- Citado por SciELO
- Citado por Google
- Similares en SciELO
- Similares en Google
versión impresa ISSN 0104-4230
Rev. Assoc. Med. Bras. vol.57 no.3 São Paulo mayo/jun. 2011
The Athlete's heart and the endless pursuit of prediction factors
Esteban Wisnivesky Rocca Rivarola
Assistant to the Emergency Unit, Arrhythmia and Pace-maker Unit, Instituto do Coração (InCor), Medical School, Universidade de São Paulo (USP), São Paulo, SP
The Athlete's heart is nowadays a well-known condition, consequence of continuous sport practice and is considered as a kind of structural and physiological adaptation to extreme training.
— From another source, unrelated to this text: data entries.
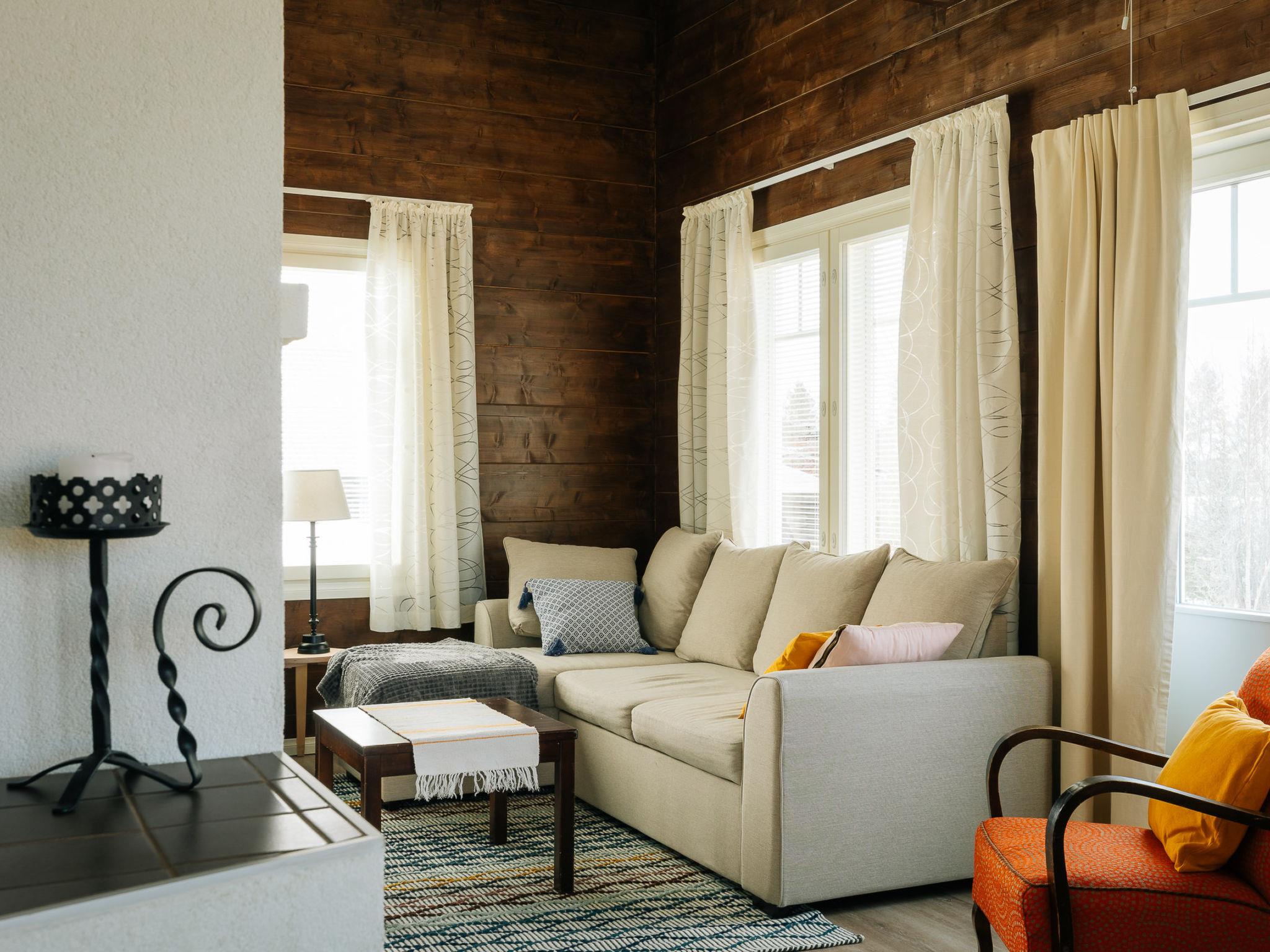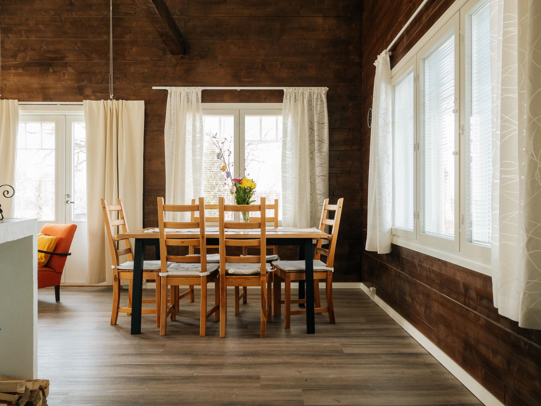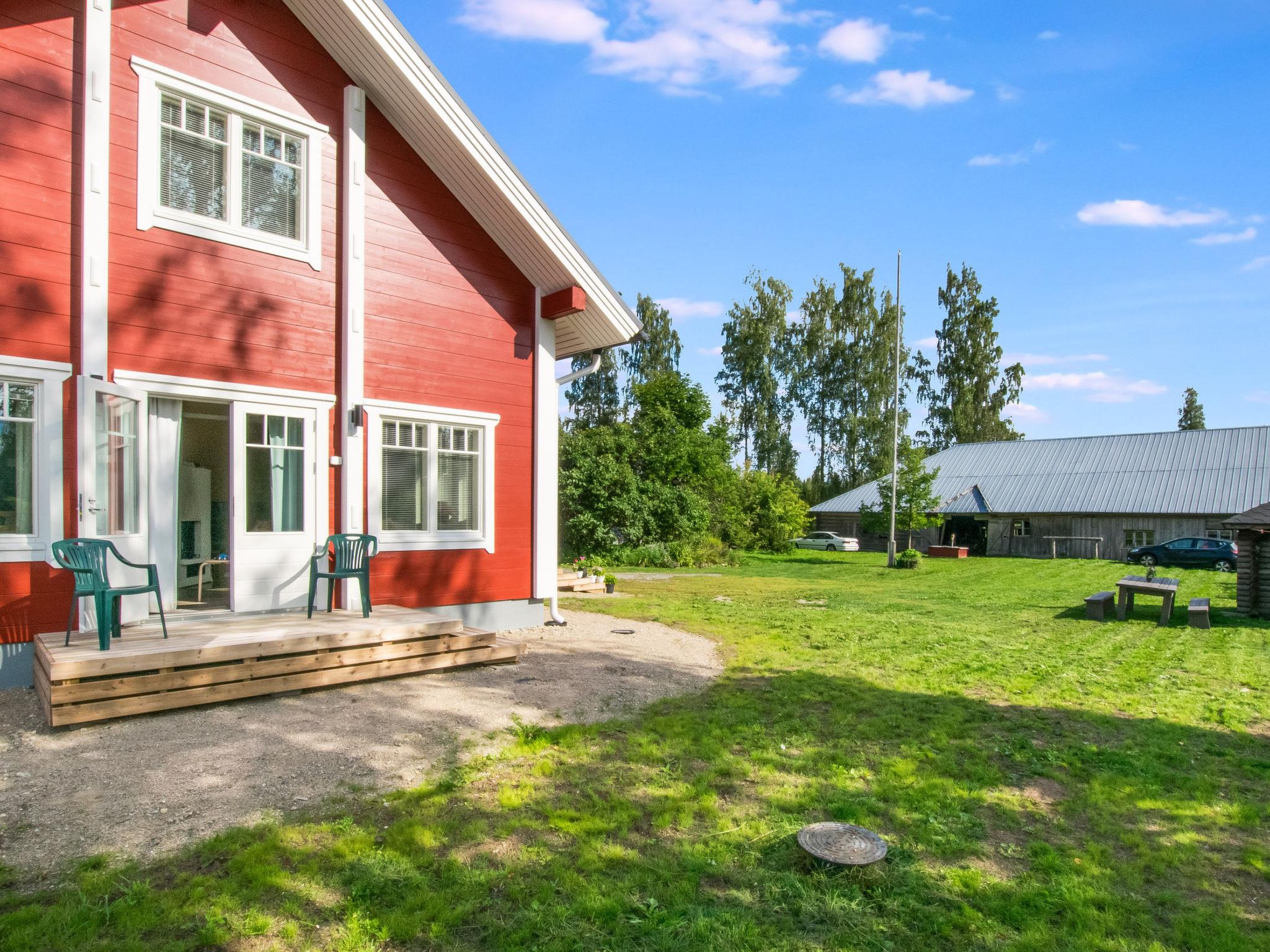 The two-story rental cabin overlooks the evening sun of the Venetekämä lake shore about 250 meters away. Venetekämä is about 4 km long and 1 km wide, hard, shallow sandy bottom, clean water lake in the watershed area, pier and rowing boat on the shore.
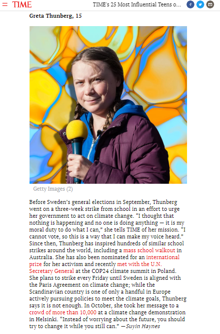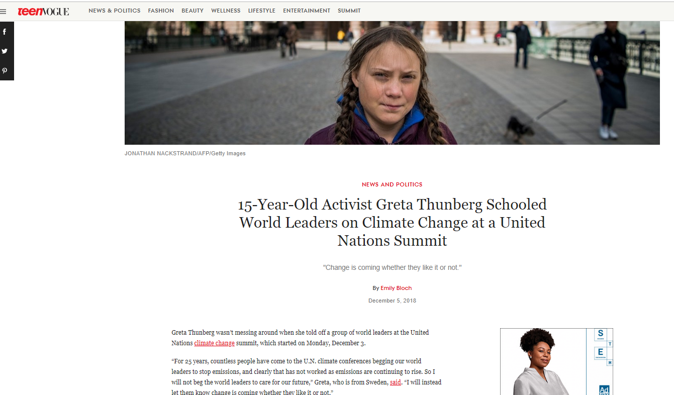 Teen Vogue, 5 décembre 2018 : « La militante de 15 ans Greta Thunberg a fait la leçon à des dirigeants mondiaux sur le changement climatique lors d'un sommet des Nations Unies. »
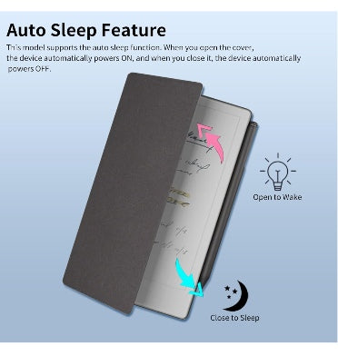 This case is equipped with an auto sleep function. The device automatically turns ON when you open the cover and turns OFF when you close it.
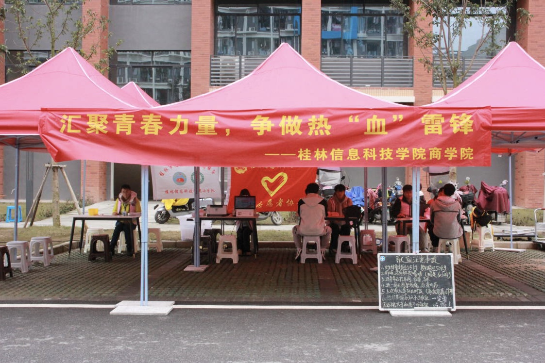 本次无偿献血为期2天,桂林市中心血站在学校食堂前设立了无偿献血临时站点,采集全血和血小板。为确保本次献血活动的正常进行,sjb世俱杯青年志愿者全程参与服务,全面落实志愿献血工作,在献血现场,sjb世俱杯教师率先垂范,学子们踊跃参与,既有“老面孔”,也有“新力量”。献血者认真填表、体检、化验、抽血,所有流程在医护人员的指导和志愿者的帮助下有序进行,随着一滴滴鲜红的血液缓缓流进采血袋,一颗颗爱心交融汇聚。
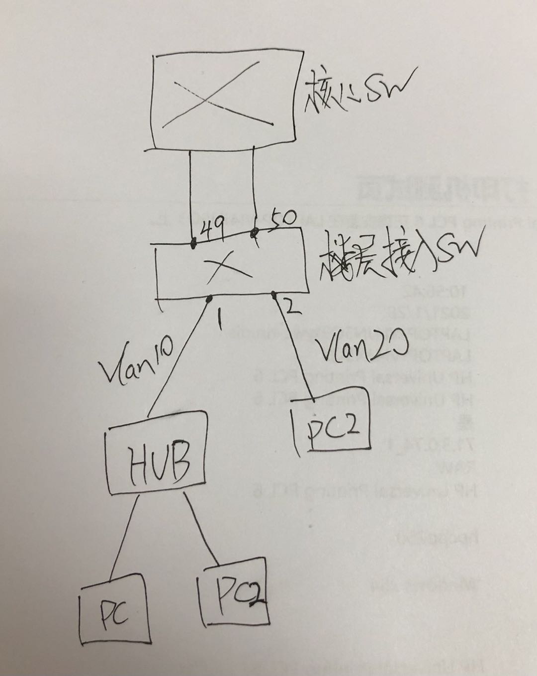 接入交换机只接了4根线,49和50口是光纤端口汇聚接入核心交换机,1口下面接了一个HUB,有一个特殊的地方是PC2是双网卡一个接了11口一个接了办公室HUB,但这两个是不同的Vlan,
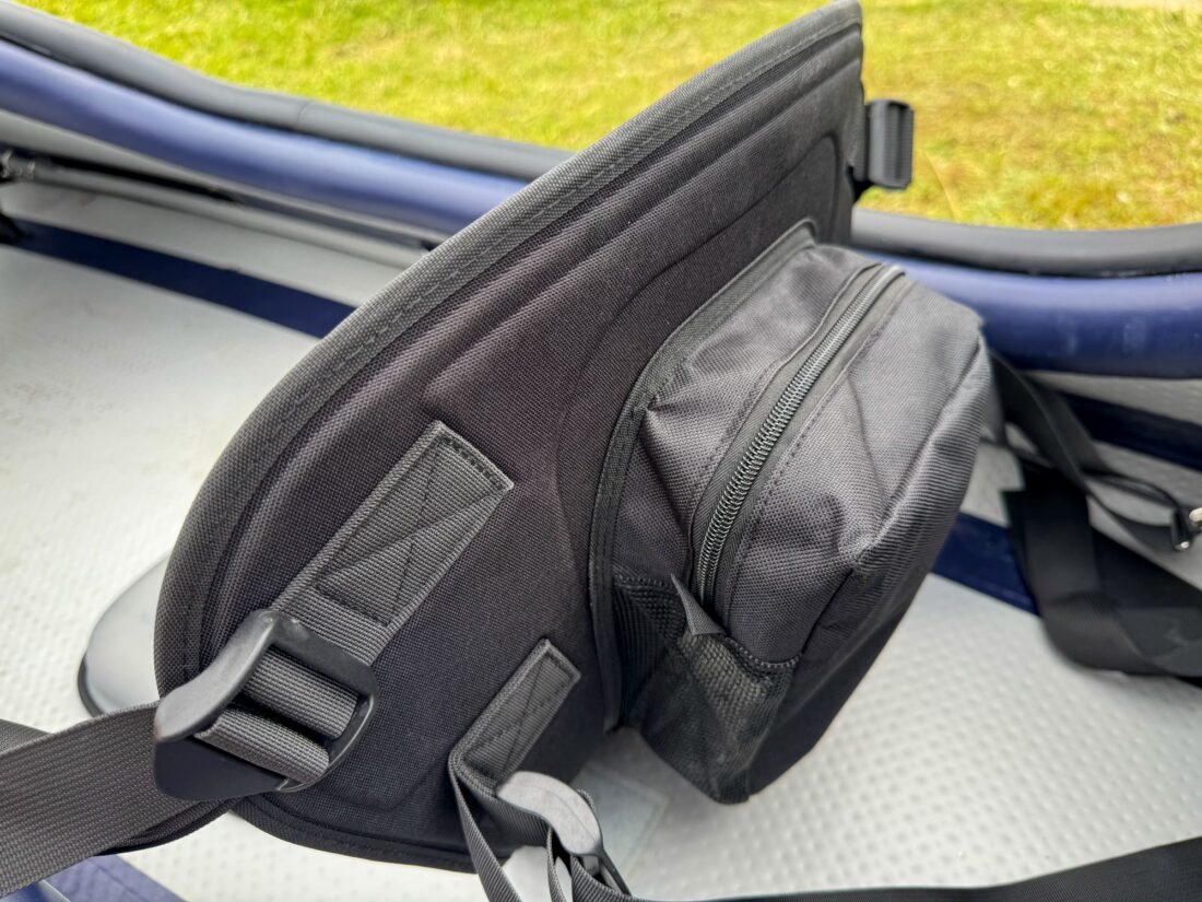 The dual-layer backrest was sturdy enough to provide some back support, and I was able to easily adjust the straps to pull the backrest forward for a stronger paddling position or lean it back during cruising and filming. I set the EVA foam footrests to fit my shorter legs and was able to brace against them to maintain a comfortable position throughout the day.
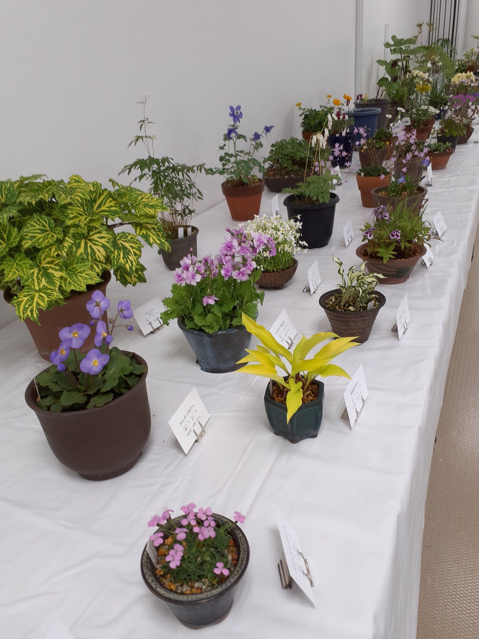 北海道山草会の会員の皆さんの栽培品、187鉢が並びます。
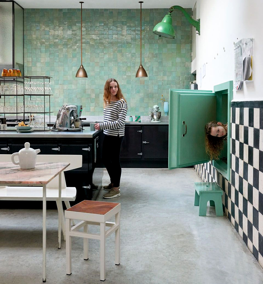 - lay black tiles on the kitchen floor;
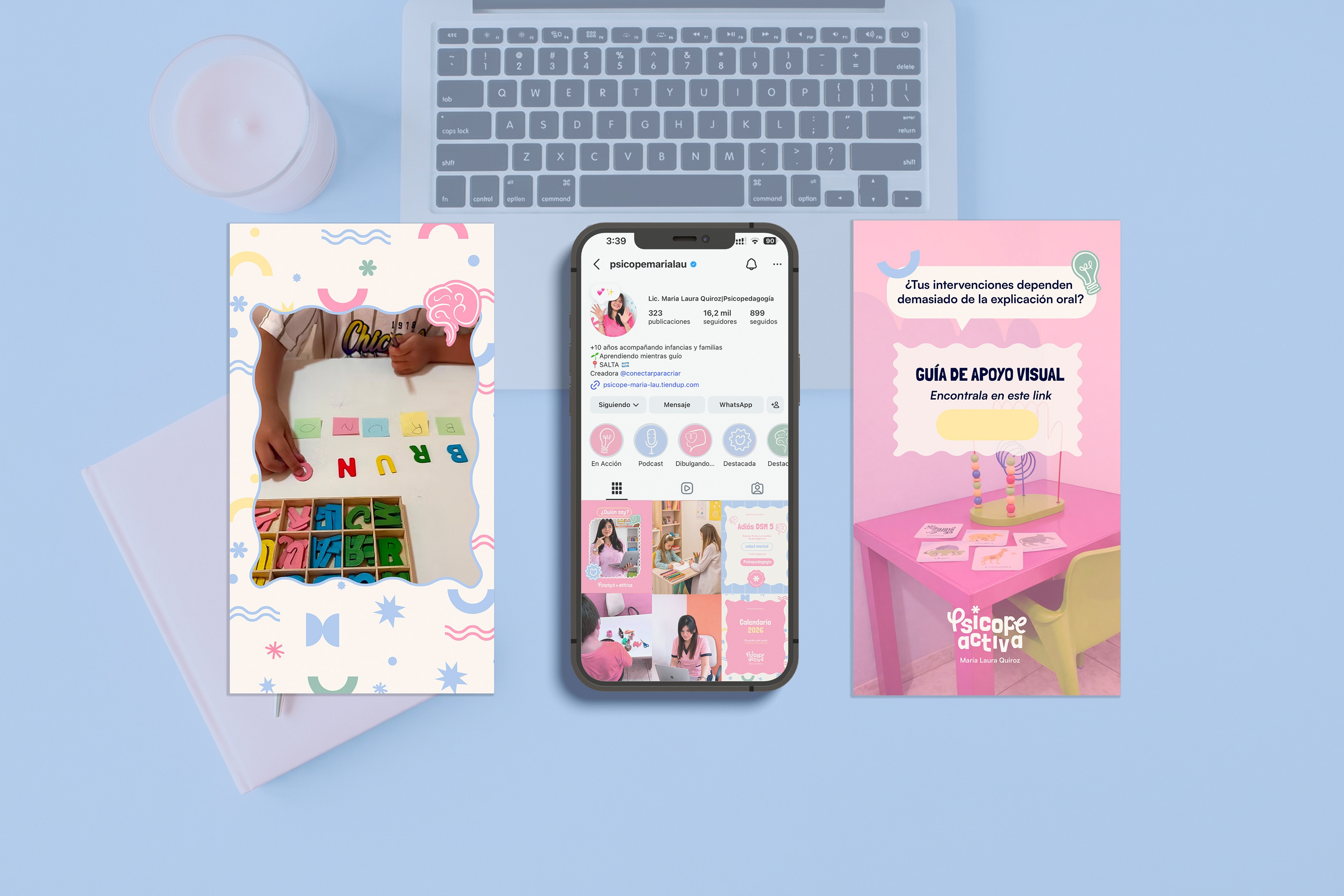 Psicope Activa es una marca que acompaña a psicopedagogas y docentes jóvenes para ejercer con herramientas prácticas y organización.
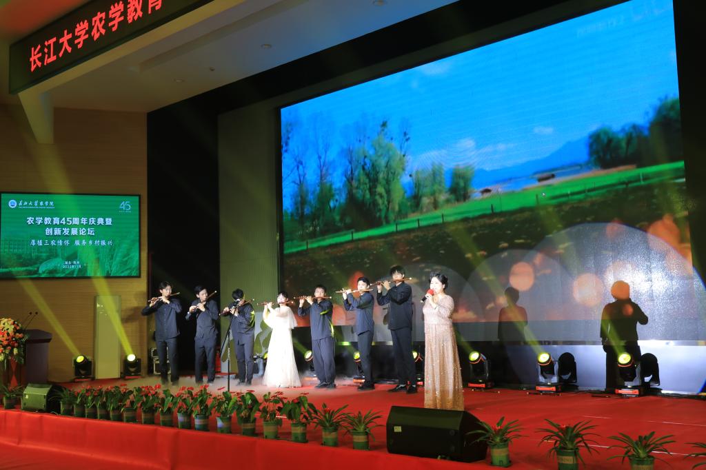 活动中还穿插了节目表演。“45年前,我们在沙洋,七里湖边,书声朗朗……”,诗歌朗诵《农学人的光荣和梦想》回顾历史、展望未来,将活动推向高潮。一个个节目,表达了师生对农学教育和农业科技的热爱与深情,展现了农学师生献身农业发展的无私精神。庆典在民乐合奏《扬鞭催马运粮忙》和《在希望的田野上》中落幕。
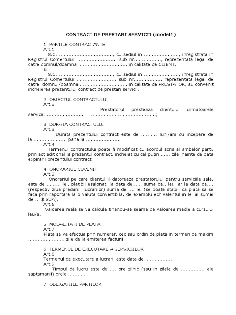 Este baza succesului tău în online model contract prestari servicii. Lista conţine modele de contracte precum:

Since the first reports, concern about its potential risks replaced the idea that elite competitors are the healthiest individuals capable of such a high performance.
It was not until recently that dilatation, hypertrophy and enhanced parasympathetic tone characteristics of exercise-induced cardiac changes were acknowledged as possible risk factors for development of atrial fibrillation1, creating a connection between athlete's heart concept and the arrhythmogenic process. In fact, recent works have demonstrated that the risk of AF is significantly higher in athletes compared with non athletes2, challenging cardiologists and electrophysiologists to unravel this major issue: how to predict the incidence of potential severe arrhythmia, responsible for thromboembolic events, poor quality of life and impaired left ventricular function in a young and otherwise healthy population?
The paper by Hasdemir et al.3 intends to address this fundamental question. By studying cardiac electrical and structural properties in young and old football players, authors were able to demonstrate the correlation between novel electrocardiographic parameters such as filtered P wave dispersion and aging - a traditional established prediction factor for AF. Indeed, a previous work4 has already demonstrated the role of P wave duration and P wave dispersion on predicting idiopathic AF in normal individuals, stating that those are simple and useful electrocardiographic markers.
It is intriguing, however, that Karakaya et al.5 showed, after including 50 athletes and 40 sedentary controls, that ECG measurement of P wave duration and dispersion did not differ significantly in both groups and could not be used as reliable predictors for AF developed in trained athletes.
Echocardiographic assessment of left atrial diameter is another simple tool recognized as a possible marker for AF6. Grismo et al.6 presented a follow-up of 149 healthy long-term trained skiers, concluding that left atrial enlargement was a marker associated with AF incidence. Again, this work represents an effort to reach prediction with feasible and widely accessible methods and it is rather plausible that long term physical activities may induce chamber dilatation and fibrosis that ultimately create a favorable substrate for the disease. Nonetheless, in this issue of the journal, Hasdemir et al.3 proved the influence of aging on atrial electrophysiology to be independent of left atrial diameter, questioning its role as a risk factor. In fact, a recently published study that describes the structural changes induced by exercise in elite competitors suggests that atrial remodeling is often present in athletes without AF7.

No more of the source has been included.